Roughly a year and a half ago, I had the privilege of taking a graduate “Introduction to Machine Learning” course under the tutelage of the fantastic Professor Leslie Kaelbling. While I learned a great deal over the course of the semester, there was one minor point that she made to the class which stuck with me more than I expected it to at the time: before using a really fancy or sophisticated or “in-vogue” machine learning algorithm to solve your problem, try a simple Nearest Neighbor Search first.

Let’s say I gave you a bunch of data points, each with a location in space and a value, and then asked you to predict the value of a new point in space. What would you do? Perhaps the values of you data are binary (just +s and -s) and you’ve heard of Support Vector Machines. Should you give that a shot? Maybe the values are continuously valued (anything on the real number line) and you feel like giving Linear Regression a whirl. Or you’ve heard of the ongoing Deep Learning Revolution and feel sufficiently bold as to tackle this problem with a Neural Net.

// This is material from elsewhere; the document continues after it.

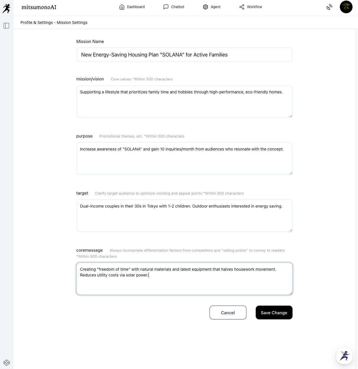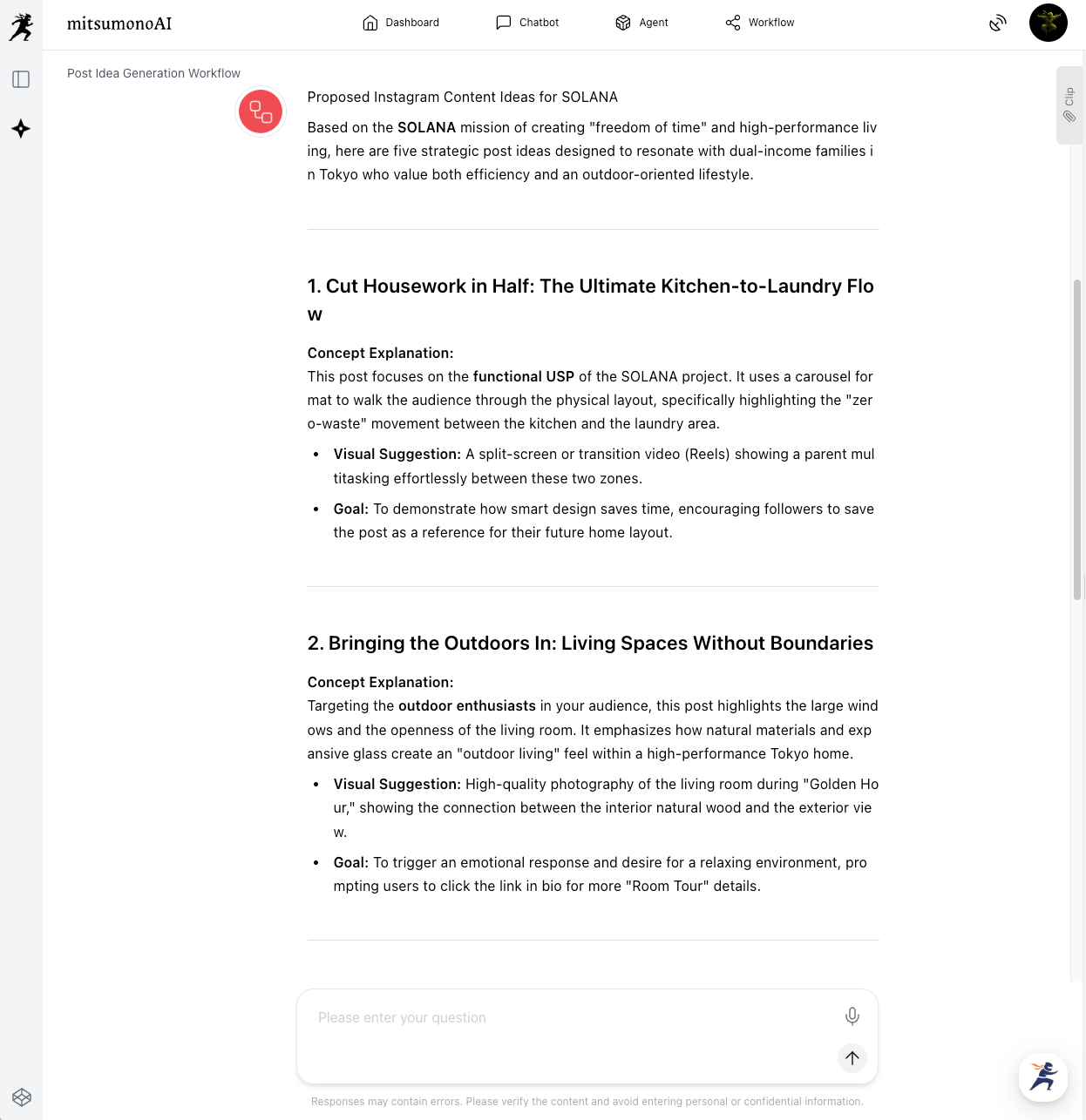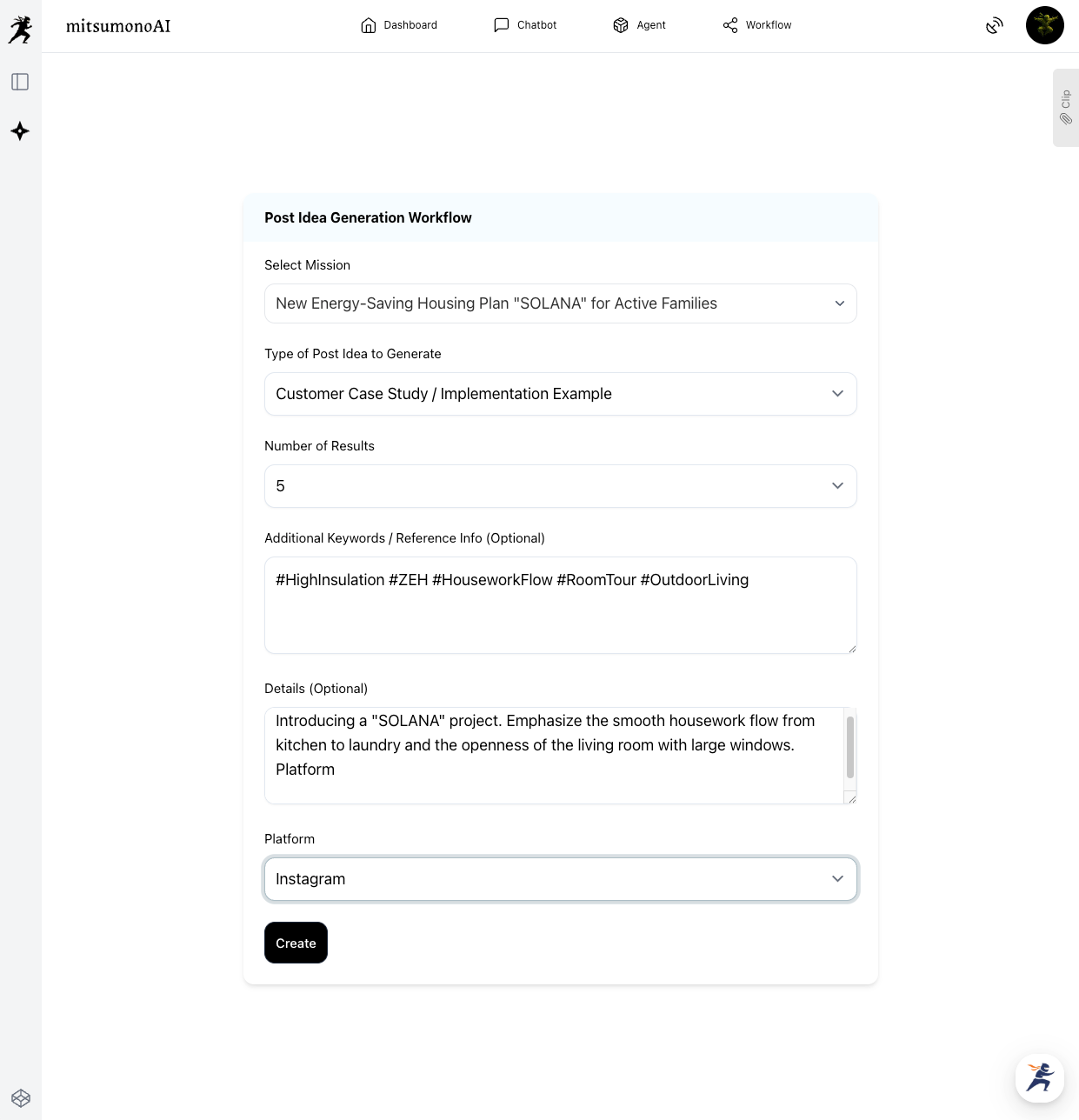 By selecting the registered Mission, the workflow automatically generates consistent post drafts.

…or you could simply find the closest point in your dataset to the one you’re interested in and offer up the value of this “nearest neighbor”. A Nearest Neighbor Search is perhaps the simplest procedure you might conceive of if presented with a machine-learning-type problem while under the influence of some sort of generalized “veil of ignorance”. Though there exist slightly more complicated variations in the algorithm, the basic principle of all of them is effectively the same.